• ABOUT THIS TASK: Set the listing down again in full, word for word, with the pictures left out.

• EXERCISE INPUT:
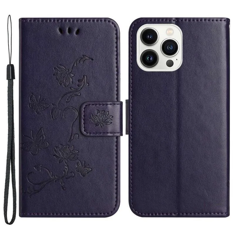 Virág sötét lila pénztárca tok a Phone 14 Pro 6.1 telefonhoz
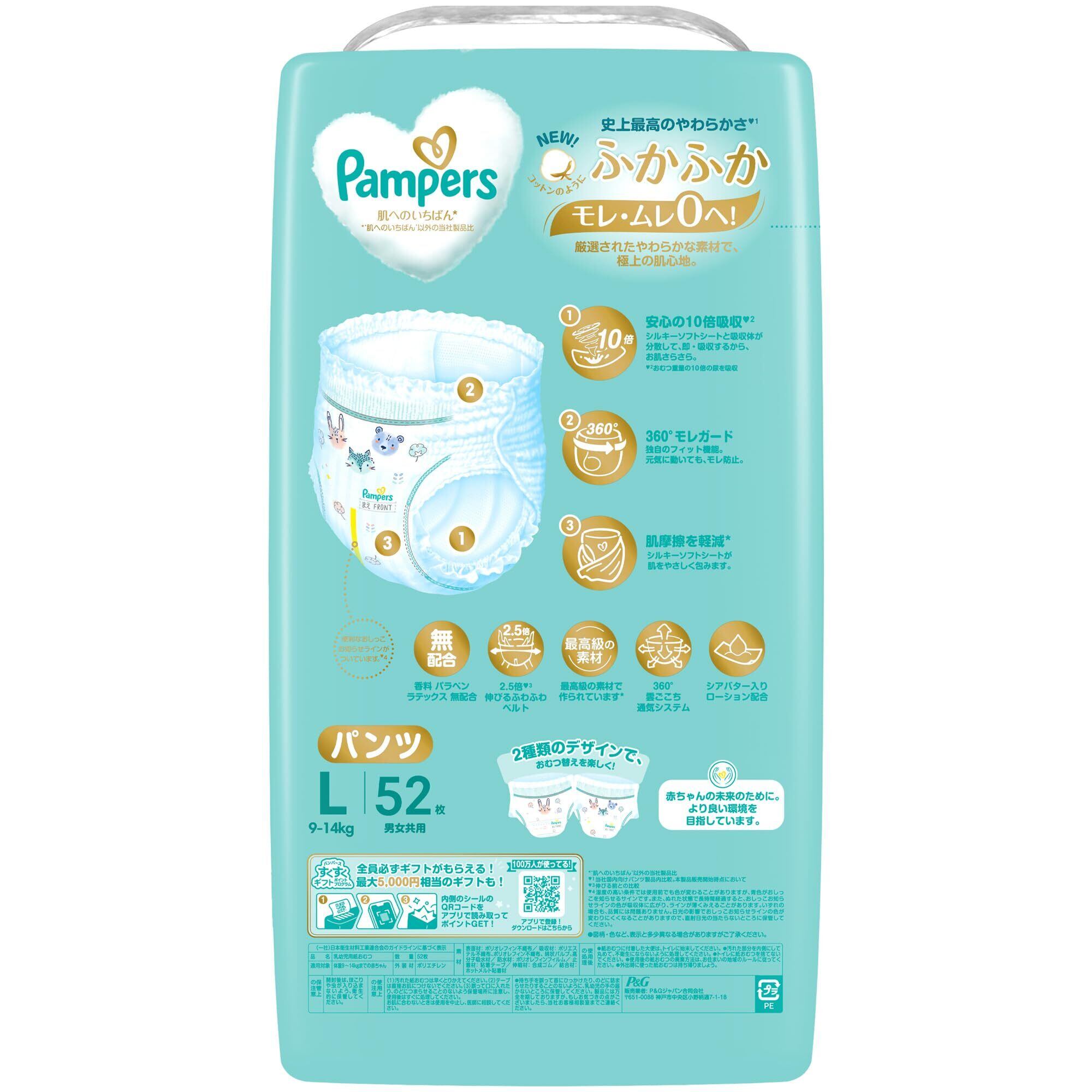 【パンツ Lサイズ】パンパース オムツ 肌へのいちばん (9-14kg) 208枚(52枚×4パック) [ケース品] 【限定】
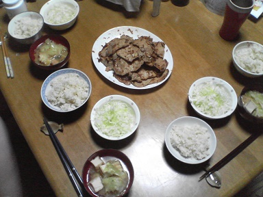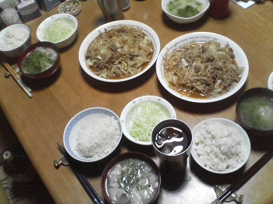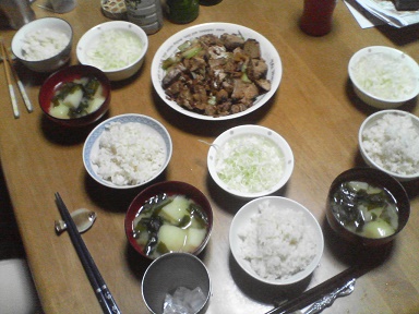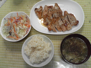 今日は豚肉などを頂きます。フライパンにオリーブ油を入れ、豚肉を焼きます。市販の生姜焼きのタレを加えます。完成。味噌汁はキャベツと揚豆腐・・キャベツサラダも頂きます。今日もおいしく頂きました。
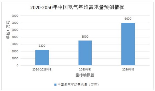 整體而言,中國氫能市場發展初期(2020-2025年左右),氫氣年均需求約2200萬噸;氫能市場發展中期(2030年左右),氫氣年均需求約3500萬噸;氫能市場發展遠期(2050年左右),氫氣年均需求約6000萬噸。
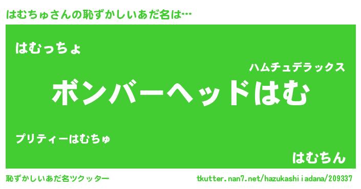 | 意味不明あだ名 | 『住所不定無職はむちゅ(1歳)』 |

• RESULT OF THE EXERCISE:
 Virág sötét lila pénztárca tok a Phone 14 Pro 6.1 telefonhoz
 【パンツ Lサイズ】パンパース オムツ 肌へのいちばん (9-14kg) 208枚(52枚×4パック) [ケース品] 【限定】
 今日は豚肉などを頂きます。フライパンにオリーブ油を入れ、豚肉を焼きます。市販の生姜焼きのタレを加えます。完成。味噌汁はキャベツと揚豆腐・・キャベツサラダも頂きます。今日もおいしく頂きました。
 整體而言,中國氫能市場發展初期(2020-2025年左右),氫氣年均需求約2200萬噸;氫能市場發展中期(2030年左右),氫氣年均需求約3500萬噸;氫能市場發展遠期(2050年左右),氫氣年均需求約6000萬噸。
 | 意味不明あだ名 | 『住所不定無職はむちゅ(1歳)』 |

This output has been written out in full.